The soy complex moved mostly higher Monday night. As with the grain markets, little news pertinent to the soy complex emerged over the long weekend. The rains now covering much of the Corn Belt will probably boost the bean harvest, but that is apparently counting for little at this point. Traders may simply think the market is oversold, although some might credit overnight Asian gains in palm oil values for spillover soy strength. November soybean futures climbed 3.75 cents to $10.28/bushel early Tuesday morning, October soyoil rallied 0.19 cents to 32.20 cents/pound, and October soymeal stalled at $363.1/ton.
The wheat markets are mixed in early Tuesday trading. Recent rainfall over the northern Plains hasn’t been conducive to a good spring wheat harvest, which may explain early strength in expiring September Minneapolis wheat. The tense Black Sea situation may also be supporting prices, but that doesn’t explain the slippage by others. December CBOT wheat slipped 0.5 cent to $5.63/bushel just after dawn Tuesday, while December KC wheat slipped 1.5 cents to $6.4125/bushel, and December MWE wheat sagged 1.75 to $6.28.
Rising cash bids spurred late-Friday CME cattle gains. Although wholesale prices proved quite weak again last Thursday, CME futures rallied rather strongly Friday. That almost surely reflected news of steady-higher packer bids for fed cattle before the three-day weekend. October live cattle futures ended Friday 1.32 cents higher at 151.42 cents/pound, while December futures jumped 1.25 to 153.95. Meanwhile, September feeder futures leapt 1.50 to 218.65 and November futures soared 2.45 to 215.37.
Hog traders clearly expect a September cash bounce. Although cash hog prices remained weak last Thursday, pork cutout values rebounded modestly from big midweek losses. They continued rising Friday, thereby encouraging bullish traders to look for much more of the same in early September. October hogs spiked 2.65 cents to 98.12 cents/pound at their Friday settlement, while December rallied 1.62 to 92.00.

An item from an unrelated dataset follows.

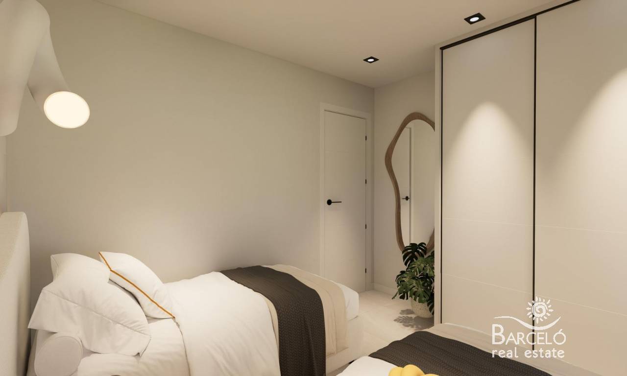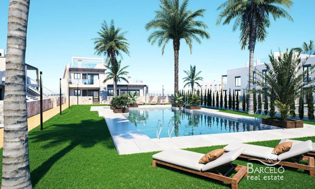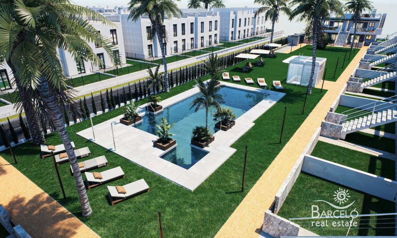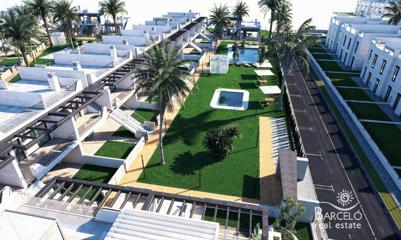 Nieuwbouwwoningen met tuin of solarium vlakbij het strand in Pilar de la Horadada Moderne mediterrane woningen ontworpen voor comfort Ontdek dit exclusieve nieuwbouwcomplex in Pilar de la Horadada, met moderne bungalows op minder dan 2 km van het strand. Deze woningen zijn ontworpen om comfort, stijl en functionaliteit te combineren en zijn ideaal om het hele jaar door te wonen, voor vakanties of als slimme investering aan de Costa Blanca. Het project biedt de keuze tussen bungalows op de begane grond met privétuinen en bungalows op de bovenste verdieping met privétuinen op het dak. Elke woning is zorgvuldig ontworpen om het buitenleven te maximaliseren en optimaal te profiteren van het mediterrane klimaat. Ruime woningen met 2 slaapkamers en hoogwaardige afwerking Elke bungalow heeft 2 slaapkamers en 2 badkamers, waarvan één ensuite, en een eigen parkeerplaats in de ondergrondse garage. De woningen zijn gebouwd met hoogwaardige materialen en moderne afwerkingen die energie-efficiëntie en duurzaamheid garanderen. De belangrijkste kenmerken zijn: Voorbereiding voor airconditioning met luchtkanalen Aluminium buitenschrijnwerk met dubbele beglazing en gemotoriseerde rolluiken Beveiligde toegangsdeur voor gemoedsrust Aerothermisch systeem voor efficiënte warmwaterproductie Inbouwkasten in alle slaapkamers Volledig uitgeruste badkamers met meubilair en doucheschermen Deze specificaties zorgen voor een comfortabele en praktische woning die geschikt is voor alle seizoenen. Privécommunity met zwembad en aangelegde tuinen Het wooncomplex is privé en beveiligd, met prachtig aangelegde gemeenschappelijke tuinen en een groot gemeenschappelijk zwembad. Dit creëert een aangename en ontspannen omgeving waar bewoners kunnen ontspannen en genieten van het uitstekende klimaat. Het complex ligt net buiten het stadscentrum, waardoor bewoners te voet naar supermarkten, restaurants, bars, scholen en essentiële voorzieningen kunnen gaan zonder dat ze een auto nodig hebben. Uitstekende locatie dicht bij stranden en voorzieningen Pilar de la Horadada is een charmant Spaans stadje in het zuidelijkste deel van de Costa Blanca, bekend om zijn levendige sfeer, lokale winkels, traditionele pleinen en vriendelijke gemeenschap. De zandstranden van Torre de la Horadada en Mil Palmeras liggen op slechts 2 km afstand en bieden fijn goudkleurig zand, een schilderachtige boulevard en een jachthaven. Het gebied is ook ideaal om te fietsen, wandelen en buitensporten te beoefenen. Afstanden tot belangrijke bezienswaardigheden Lo Romero Golf 5 km La Zenia Boulevard 15 km Luchthaven Murcia Corvera 40 km Luchthaven Alicante 55 km Jachthaven Torre de la Horadada 3 km Reserveer vandaag nog uw nieuwe woning Mis deze kans niet om een gloednieuwe bungalow vlakbij het strand te kopen in een van de meest gewilde gebieden van de Costa Blanca. Neem vandaag nog contact met ons op voor meer informatie en om een bezichtiging te regelen.

Cotton futures seem to be suffering a technical drop. Mixed news seemed to hamper bullish efforts to trigger a big bullish breakdown last week. Thus, despite pushing above their 40-day moving average around midweek, nearby cotton futures ended the week poorly. The Monday night resumption of those losses may be setting the stage for a bearish follow-through. December cotton futures fell 0.92 cents to 65.65 cents/pound shortly after sunrise Tuesday, while March futures tumbled 1.06 cents to 65.95.